Learn about the security model for Oracle NoSQL Database Cloud Service.

Policies

Oracle NoSQL Database Cloud Service uses the Oracle Cloud Infrastructure Identity and Access Management security model that is built on the policies. A policy is a document that specifies who can access which Oracle Cloud Infrastructure resources, including NoSQL tables that your company has, and how they can access these resources. A policy allows a group to work in certain ways with specific types of resources such as NoSQL Tables in a particular compartment.

To govern the control of your tables, your company will have at least one policy. Each policy consists of one or more policy statements that follow this basic syntax:

Allow group <group_name> to <verb> <resource-type> in compartment <compartment_name>

To learn how policies work, see Overview of Policies in Oracle Cloud Infrastructure Documentation.

Groups

In Oracle Cloud Infrastructure Identity and Access Management, you organize Users within groups that usually share the same type of access to a particular set of NoSQL tables or compartments.

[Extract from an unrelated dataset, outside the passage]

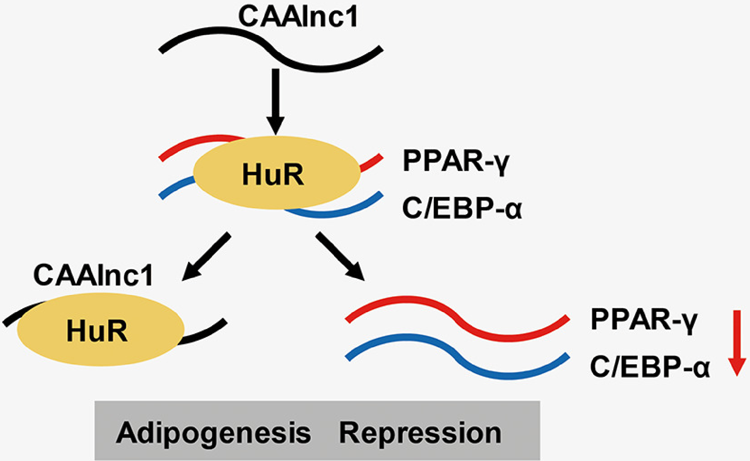 在吴国豪教授、冯英研究员的共同指导下,中山医院的博士研究生沈雷等利用芯片筛选了癌性恶病质脂肪丢失相关lncRNAs,并进一步探讨了癌性恶病质脂肪丢失相关lncRNAs在脂肪代谢中的功能及机制。该研究通过构建癌性恶病质小鼠模型,利用芯片对癌性恶病质小鼠脂肪中差异表达的lncRNAs进行了筛选,鉴定了多条lncRNAs在癌性恶病质小鼠脂肪中差异表达,其中CAAlnc1在癌性恶病质小鼠脂肪中高表达。敲减及过表达实验结果显示CAAlnc1能抑制脂肪分化,其可能通过抑制脂肪分化参与了癌性恶病质脂肪丢失。RNA pulldown及RIP实验结果显示CAAlnc1能与HuR结合。进一步研究发现,CAAlnc1可能通过抑制HuR与C/EBP-α及PPAR-γ mRNAs的结合而使C/EBP-α及PPAR-γ的表达降低,从而抑制脂肪分化。

You can grant access to the NoSQL Tables at the group and compartment level, by writing a policy that gives a group a specific type of access within a particular compartment, or to the tenancy itself. If you give a group access to the tenancy, the group automatically gets the same type of access to all the compartments inside the tenancy. For example, after you create a table in the compartment ProjectA, you must write a policy to grant access to the group(s) you want them to manage or use the tables. Otherwise, the tables are not even visible to the groups that don't have access. For example, to allow the Developer group to manage all the NoSQL resources, you can create the following policy:
allow group Developers to manage nosql-family in compartment ProjectA

Verbs

A verb specifies the type of access being granted by the policy. For example, inspect nosql-tables lets you list the NoSQL tables. Inspect, read, use, and manage are the verbs supported by Oracle NoSQL Database Cloud Service. See Verbs in Oracle Cloud Infrastructure Documentation.

Resource-types

Resources are the cloud objects that your company's employees create and use when interacting with the Oracle Cloud Infrastructure (OCI). Oracle defines resource-types you can use in policies. nosql-tables, nosql-rows, and nosql-indexes are three individual resource-types supported by NoSQL Database Cloud Service.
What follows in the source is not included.